Directions => An exact restatement of the data is required, with the images omitted.
[Opening Records for the task section]
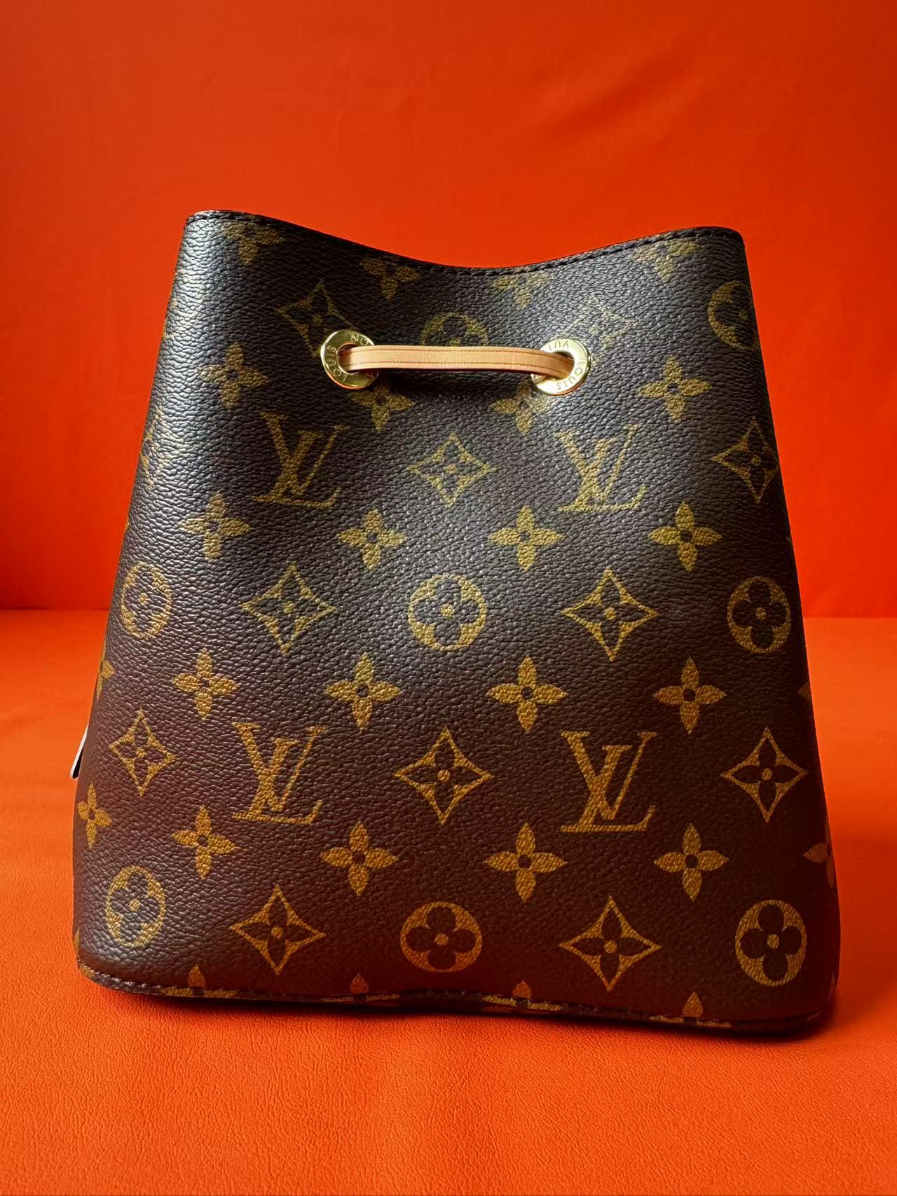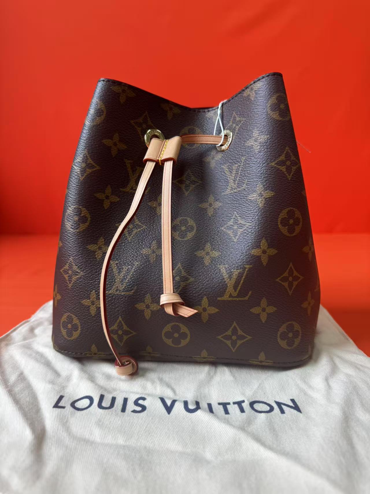 LOUIS VUITTON NÉONOÉ BB 可拆卸可调节肩带老花满印 涂层帆布拼牛皮革 水桶包斜挎手提包 小号 女款 棕色
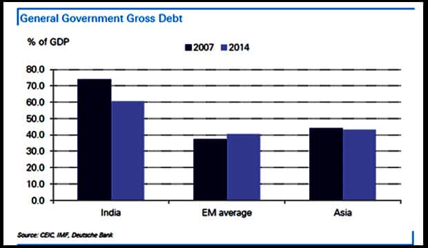 in December 2013: “In reality, quantifying deficit and accumulated debt only as a percentage of GDP has the potential to misguide. In isolation it distorts both, the true scale of fiscal profligacy and the government’s debt-servicing ability.” What Shastri is effectively saying here is that the government does not have access to the entire GDP to repay its debt. It repays its debt only out of the money that it makes every year through taxes and other sources of revenue. How is the Central government doing on that front? In 2007-08, revenue receipts stood at 10.87 percent of the GDP. By 2013-2014, they had fallen to 9.06 percent of the GDP. As far as tax collections are concerned, they have fallen from 8.81 percent of the GDP to 7.36 percent of the GDP. This year tax collections are expected to be at 7.59 percent of the GDP. This number is unlikely to be achieved given that the shortfall in tax collections is expected to be around Rs 1,05,084 crore or around 0.84 percent of the GDP. The non-tax revenues of the government have also fallen from 2.05 percent of the GDP to 1.70 percent of the GDP between 2007-08 and 2013-14. During this financial year the number is expected to be at 1.65 percent of the GDP. Interestingly, the interest that the government pays on its accumulated debt was at 3.43 percent of the GDP in 2007-08. It has jumped to 3.79 percent of the GDP in 2013-2014. An increase in interest payments means lesser money gets spent on other important things. As economists Taimur Baig and Kaushik Das of Deutsche Bank Research point out in a recent research note: “India’s Central government spends nearly a quarter of its total spending on servicing the large debt burden…Bringing this down would create valuable space for other far more important expenditures.” What these numbers clearly tell us is that the ability of the government to service the debt that it has accumulated has been coming down over the years, which is clearly not a good sign. Also, when compared to other emerging market countries, India has one of the highest government debt levels in the world, as can be seen from the following table.
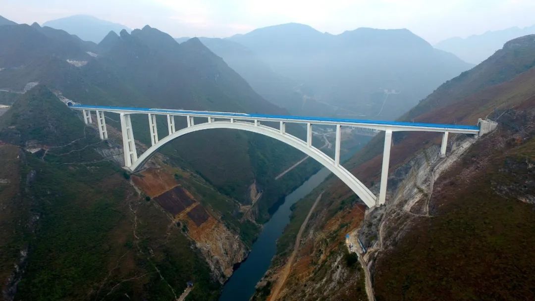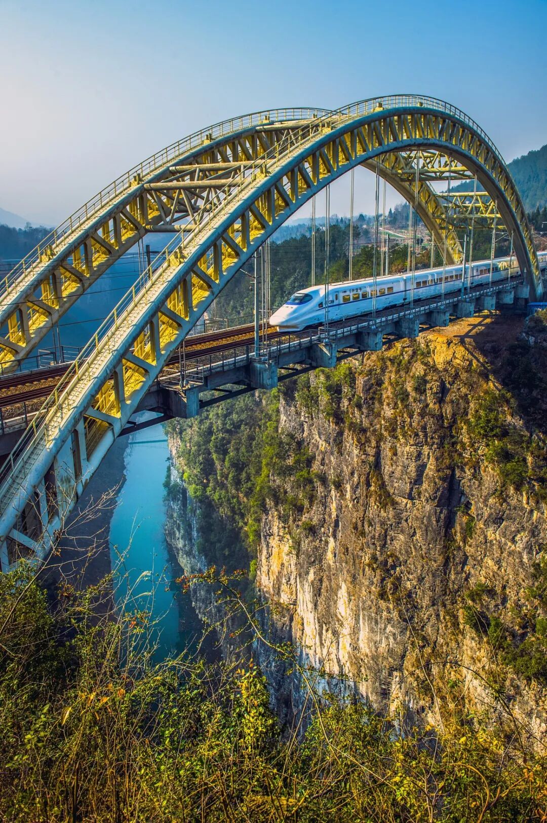 从上海枢纽出发 还有一条通往西南方向的沪昆通道 它沿途地质环境复杂 跨越众多峡谷 全长721米的贵州北盘江特大桥 桥面距江面约300米
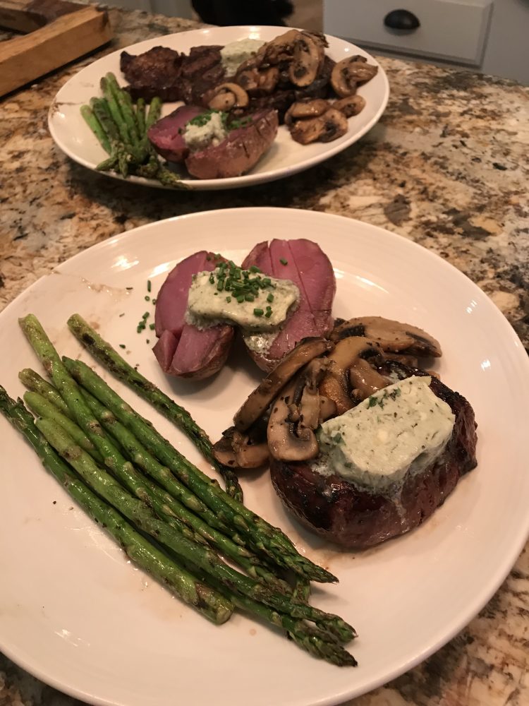 It was so easy, we are glad we stayed home with our kids and boy was the meat great and the blue cheese herbed butter was the bomb ....
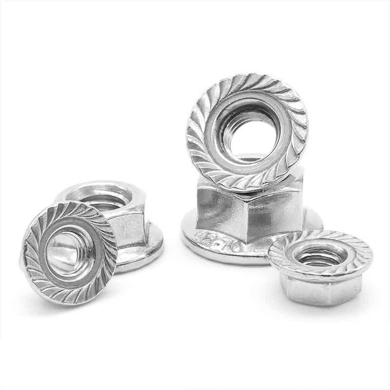 Turime šešiakampių flanšinių veržlių, skirtų pramoniniams pastatams, versijas, kurios laikosi tvirtos. Jie turi nemetalinę dalį, dažniausiai nailoną, įstrigusį viršutinėje veržlės sriegių dalyje. Kai priveržiate veržlę, ši dalis trinasi į varžto sriegius. Tai sukuria savotišką „pastovųjį sukimo momentą“, kuris neleidžia jam atsilaisvinti net esant vibracijai, smūgiams ar temperatūros pokyčiams. Ir jie vis dar išlaiko flanšo konstrukcijos didelį stiprumą ir apkrovą paskirstančius pranašumus.
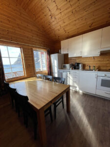 Nasza baza wędkarska znajduje się w zachodniej części wyspy w wiosce rybackiej Sørvær, blisko 40 km od stolicy wyspy – Hasvik, gdzie znajdują się lotnisko, przystań promowa, czy przychodnia lekarska. Do sklepu Joker i stacji benzynowej jest ok. 10 minut spacerem.
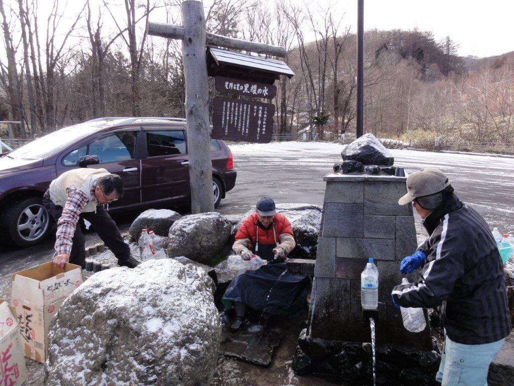 新和田トンネル有料道路料金所をでたところに黒耀石によってろ過された水の湧き出す「名水広場」があります。黒耀水です。 (信州・長和町観光協会の公式サイトはこちら) 山友M氏は何時もここで水汲みをしていきます。おいしい水なので多くの人が汲みに来ています。
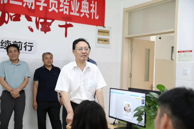 6月30日上午,滨州市高级技工学校电子商务专业“产教工坊”项目第三期结业典礼在井冈山楼107实训室举行,2019级电子商务专业的学生和老师们共同参加了本次结业仪式。学校党委委员、副校长刘仲凯,党委委员、纪委书记、市纪委监委监察专员宋志刚,红色思政教学中心主任毛岳军,招生就业科科长赵鹏飞,实训中心主任王志平,经贸管理教学中心主任朱永红以及合作企业山东程博教育科技有限公司总经理丁清雷出席活动。
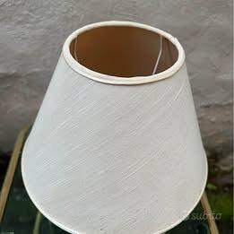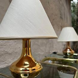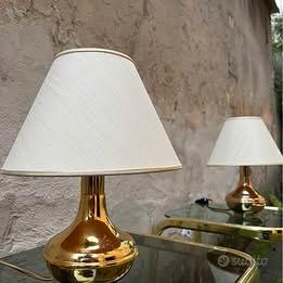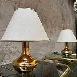 Coppia di lampade da tavolo - abat-jour - oro e paralume ovale in tessuto, design 1970
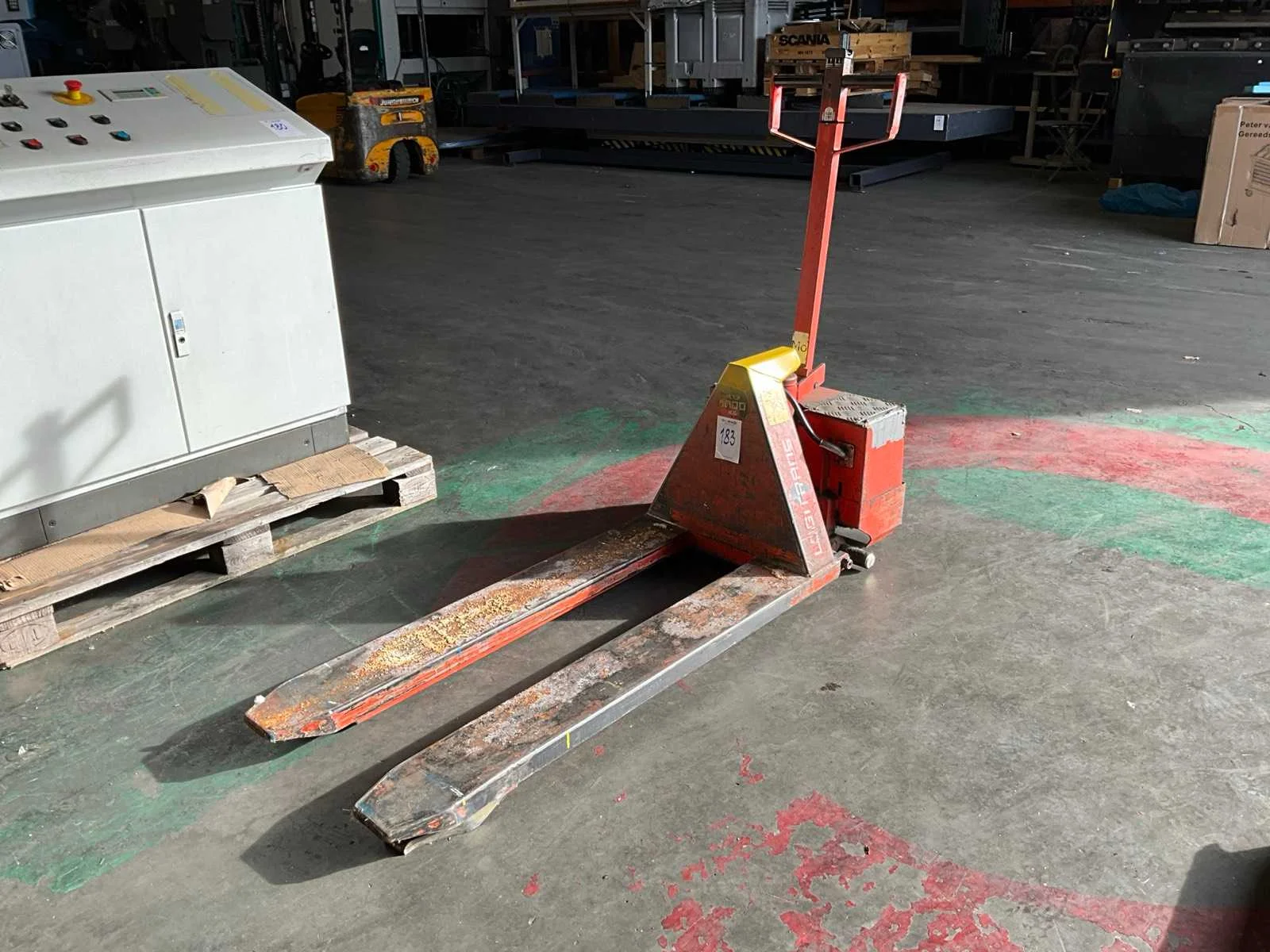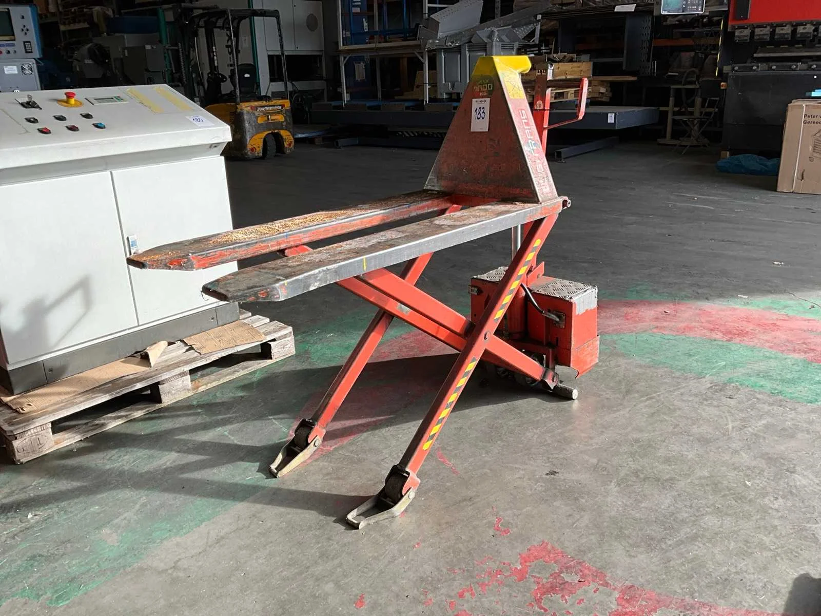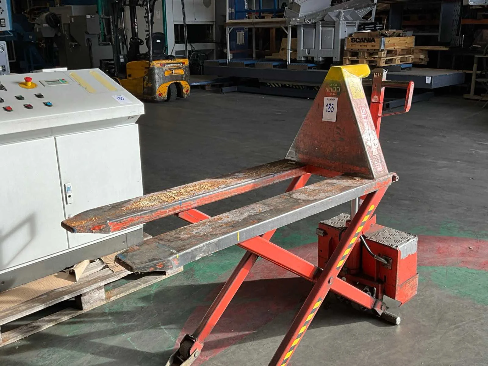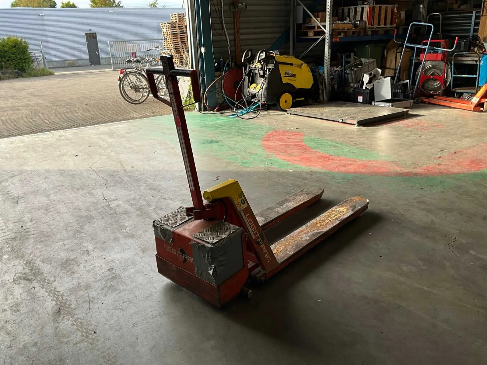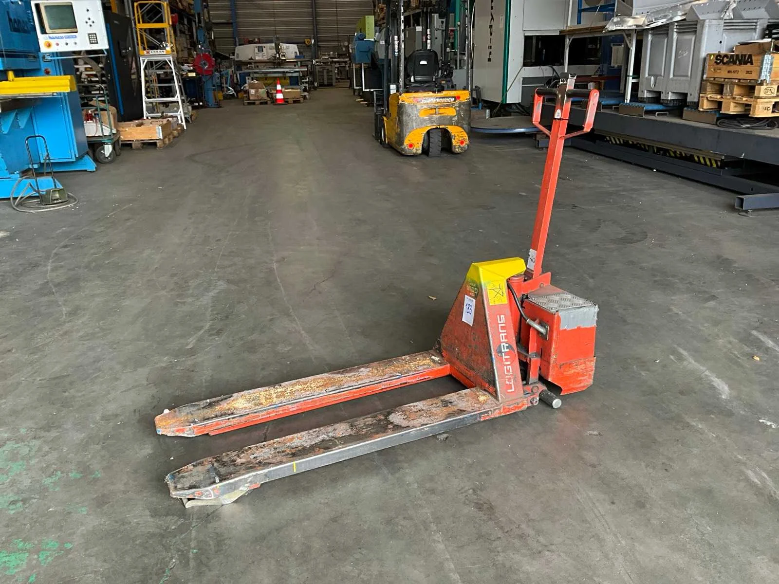 Hefhoogte 800 mm; ingebouwde accu; zonder acculader; Merk: Logitrans Type: EHL 1000/3 Bouwjaar: 1995 Hefvermogen: 1000kg Lepellengte: 1150mm
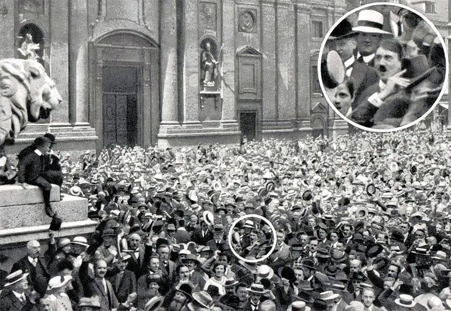 Bức ảnh vô tình chụp được khoảnh khắc Hitler thời còn trẻ vui mừng khi thế chiến thứ I nổ ra.
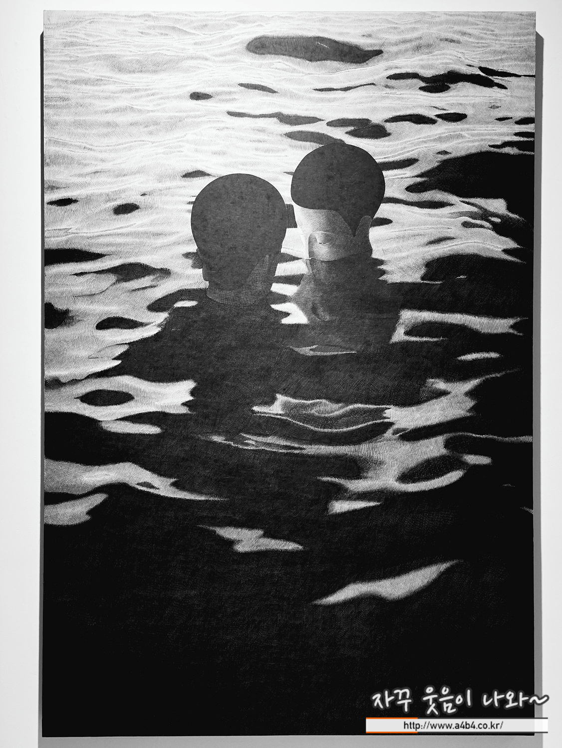 전시장에서 만난 작품의 느낌은 찰랑이라는 제목는 너무 정화된 제목처럼 느껴집니다. 언제라도 가라 앉을지 모르는 두 사람의 모습과 물속에서는 둘이 손을 잡고 있을지... 궁금하면서도 상당히 불안한 감정을 유도하고 있네요.
[Closing Records for the task section]
Written reply =>
 LOUIS VUITTON NÉONOÉ BB 可拆卸可调节肩带老花满印 涂层帆布拼牛皮革 水桶包斜挎手提包 小号 女款 棕色
 in December 2013: “In reality, quantifying deficit and accumulated debt only as a percentage of GDP has the potential to misguide. In isolation it distorts both, the true scale of fiscal profligacy and the government’s debt-servicing ability.” What Shastri is effectively saying here is that the government does not have access to the entire GDP to repay its debt. It repays its debt only out of the money that it makes every year through taxes and other sources of revenue. How is the Central government doing on that front? In 2007-08, revenue receipts stood at 10.87 percent of the GDP. By 2013-2014, they had fallen to 9.06 percent of the GDP. As far as tax collections are concerned, they have fallen from 8.81 percent of the GDP to 7.36 percent of the GDP. This year tax collections are expected to be at 7.59 percent of the GDP. This number is unlikely to be achieved given that the shortfall in tax collections is expected to be around Rs 1,05,084 crore or around 0.84 percent of the GDP. The non-tax revenues of the government have also fallen from 2.05 percent of the GDP to 1.70 percent of the GDP between 2007-08 and 2013-14. During this financial year the number is expected to be at 1.65 percent of the GDP. Interestingly, the interest that the government pays on its accumulated debt was at 3.43 percent of the GDP in 2007-08. It has jumped to 3.79 percent of the GDP in 2013-2014. An increase in interest payments means lesser money gets spent on other important things. As economists Taimur Baig and Kaushik Das of Deutsche Bank Research point out in a recent research note: “India’s Central government spends nearly a quarter of its total spending on servicing the large debt burden…Bringing this down would create valuable space for other far more important expenditures.” What these numbers clearly tell us is that the ability of the government to service the debt that it has accumulated has been coming down over the years, which is clearly not a good sign. Also, when compared to other emerging market countries, India has one of the highest government debt levels in the world, as can be seen from the following table.
 从上海枢纽出发 还有一条通往西南方向的沪昆通道 它沿途地质环境复杂 跨越众多峡谷 全长721米的贵州北盘江特大桥 桥面距江面约300米
 It was so easy, we are glad we stayed home with our kids and boy was the meat great and the blue cheese herbed butter was the bomb ....
 Turime šešiakampių flanšinių veržlių, skirtų pramoniniams pastatams, versijas, kurios laikosi tvirtos. Jie turi nemetalinę dalį, dažniausiai nailoną, įstrigusį viršutinėje veržlės sriegių dalyje. Kai priveržiate veržlę, ši dalis trinasi į varžto sriegius. Tai sukuria savotišką „pastovųjį sukimo momentą“, kuris neleidžia jam atsilaisvinti net esant vibracijai, smūgiams ar temperatūros pokyčiams. Ir jie vis dar išlaiko flanšo konstrukcijos didelį stiprumą ir apkrovą paskirstančius pranašumus.
 Nasza baza wędkarska znajduje się w zachodniej części wyspy w wiosce rybackiej Sørvær, blisko 40 km od stolicy wyspy – Hasvik, gdzie znajdują się lotnisko, przystań promowa, czy przychodnia lekarska. Do sklepu Joker i stacji benzynowej jest ok. 10 minut spacerem.
 新和田トンネル有料道路料金所をでたところに黒耀石によってろ過された水の湧き出す「名水広場」があります。黒耀水です。 (信州・長和町観光協会の公式サイトはこちら) 山友M氏は何時もここで水汲みをしていきます。おいしい水なので多くの人が汲みに来ています。
 6月30日上午,滨州市高级技工学校电子商务专业“产教工坊”项目第三期结业典礼在井冈山楼107实训室举行,2019级电子商务专业的学生和老师们共同参加了本次结业仪式。学校党委委员、副校长刘仲凯,党委委员、纪委书记、市纪委监委监察专员宋志刚,红色思政教学中心主任毛岳军,招生就业科科长赵鹏飞,实训中心主任王志平,经贸管理教学中心主任朱永红以及合作企业山东程博教育科技有限公司总经理丁清雷出席活动。
 Coppia di lampade da tavolo - abat-jour - oro e paralume ovale in tessuto, design 1970
 Hefhoogte 800 mm; ingebouwde accu; zonder acculader; Merk: Logitrans Type: EHL 1000/3 Bouwjaar: 1995 Hefvermogen: 1000kg Lepellengte: 1150mm
 Bức ảnh vô tình chụp được khoảnh khắc Hitler thời còn trẻ vui mừng khi thế chiến thứ I nổ ra.
 전시장에서 만난 작품의 느낌은 찰랑이라는 제목는 너무 정화된 제목처럼 느껴집니다. 언제라도 가라 앉을지 모르는 두 사람의 모습과 물속에서는 둘이 손을 잡고 있을지... 궁금하면서도 상당히 불안한 감정을 유도하고 있네요.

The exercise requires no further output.